United States Presidential Election 2008 - Official Discussion Thread

Started by Bardock42143 pages
Originally posted by sithsaber408
1.) What? What are you talking about? Why would the mother and child die together? That was a strange response. That's not the reason most abortions are had

Because you said they'd do nothing. I assume you meant, again, that there is a list of things that they do, like eating for example, in order to survive. Still pretty stupid thing to say.

Originally posted by sithsaber408
2.) So that begs the question then: If you'd support protecting a fetus at a gestational age that it can survive outside the mother (say 24 weeks), then what's the difference between that fetus then and 2 weeks earlier? It needs the mothers support, but is it somehow more or less of a human being because it needs that support?
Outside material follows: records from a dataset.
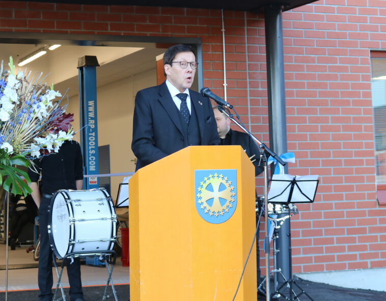 Taitotalon pääurakoitsijan, Astora Rakennus Oy:n toimitusjohtaja Mika Rajamäki kiitteli koulun ja kaupungin edustajia toimivasta yhteistyöstä.
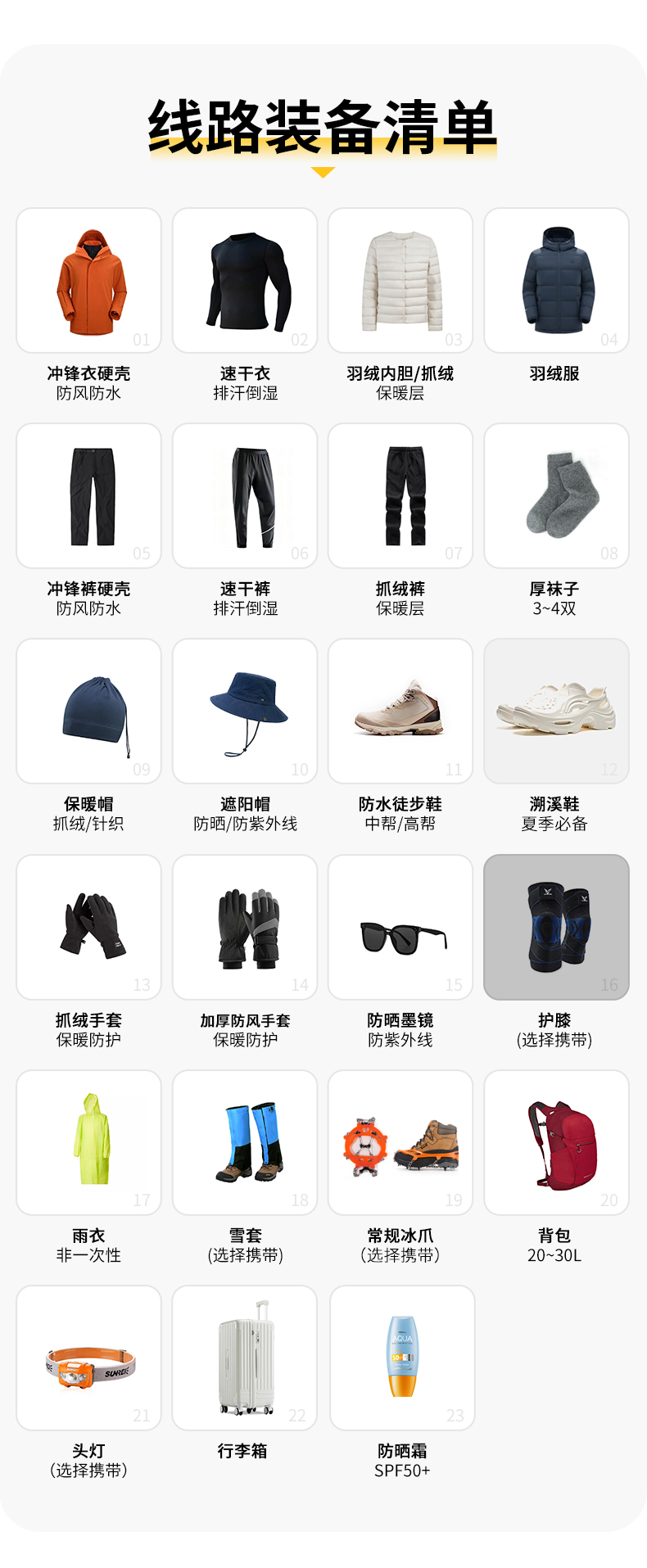 12.充电宝(建议20000mA左右,徒步路线较为原始基本上无电源补给)
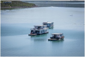 Three luxury houseboats float peacefully in the serene waters of Kraalbaai Lagoon, South Africa.
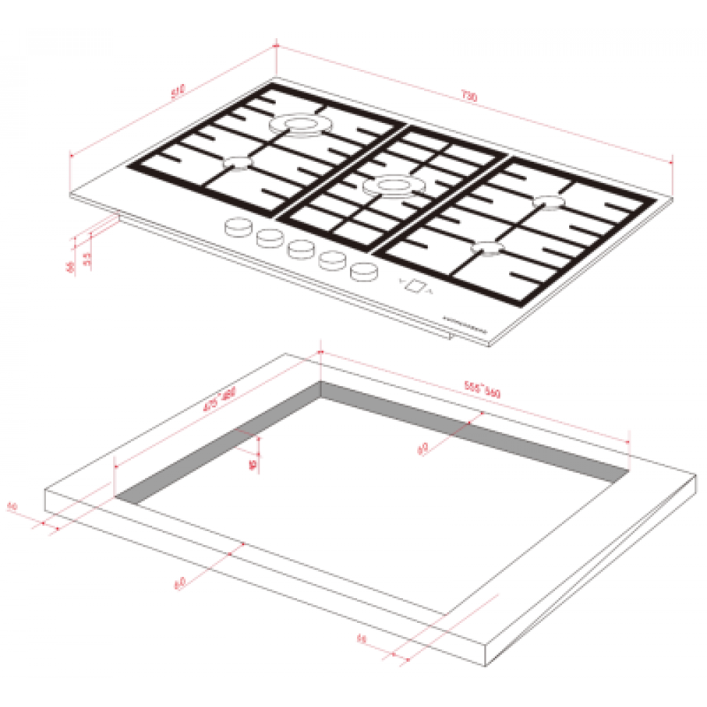 | Газ-контроль конфорокесть | Материал панелизакаленное стекло |
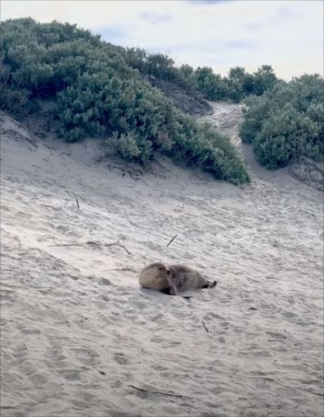 そしてこちらが、同公園の砂丘から転がり落ちているアザラシ。
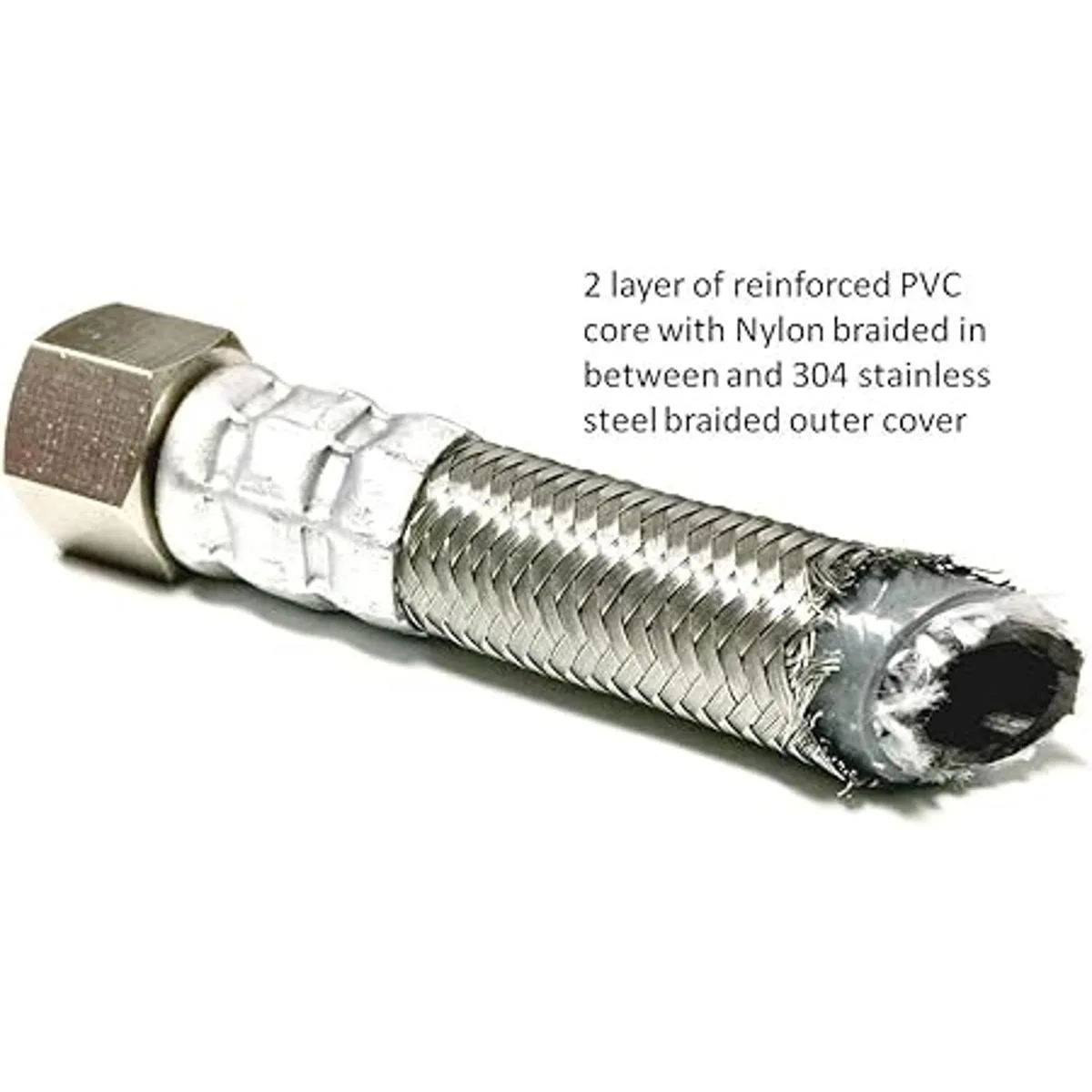A prueba de ráfagas: diseñadas para durar, nuestras mangueras utilizan acero inoxidable 304 verdadero para una cubierta protectora exterior trenzada que dura increíblemente mucho tiempo para una protección eficaz contra el óxido y la explosión. Algunas otras mangueras no utilizan acero inoxidable 304 para la cubierta trenzada y podrían resultar en una explosión uniforme de óxido.
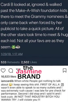 Cardi B is responding to reports that she ignored Make-A-Wish Foundation kids, while on the red carpet at the Grammy’s. The rapper took to social media, addressing a post that claimed that she only stopped to pose for a quick photo with the kids, after being forced to by her publicist.
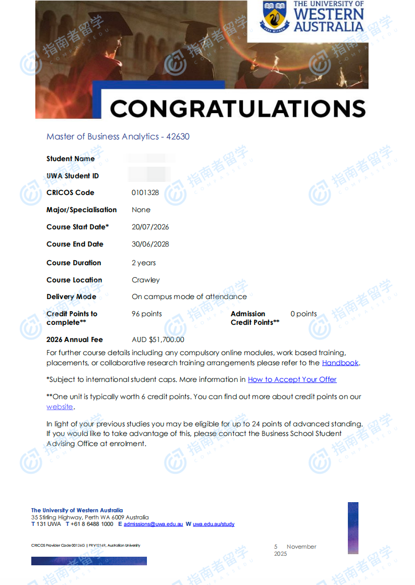 西澳大學(xué)商業(yè)分析碩士研究生offer一枚

That it can't survive outside the mother. And I am not saying that either is or is not a human being, I'm just opposed to the parasitical nature of the fetus.

I'm using medical terms for discussion of a medical procedure.

I could do nothing and 50% of fertilized zygotes would fail to implant, or spontaneously abort. As they do. A condom stops a natural process. So does medicine for sick and or dying actual people. And?

The woman could be hit by a bus. The child could be Hitler reincarnated. The potentiality argument is spurious; you projecting a possible future doesn't override the definite future upon separation of a previable entity from a woman, imminent death.

A sperm and an egg are potentially a human being too; the easiest critique of the potentiality argument being the arbitrary delineation of when "potential" becomes relevant.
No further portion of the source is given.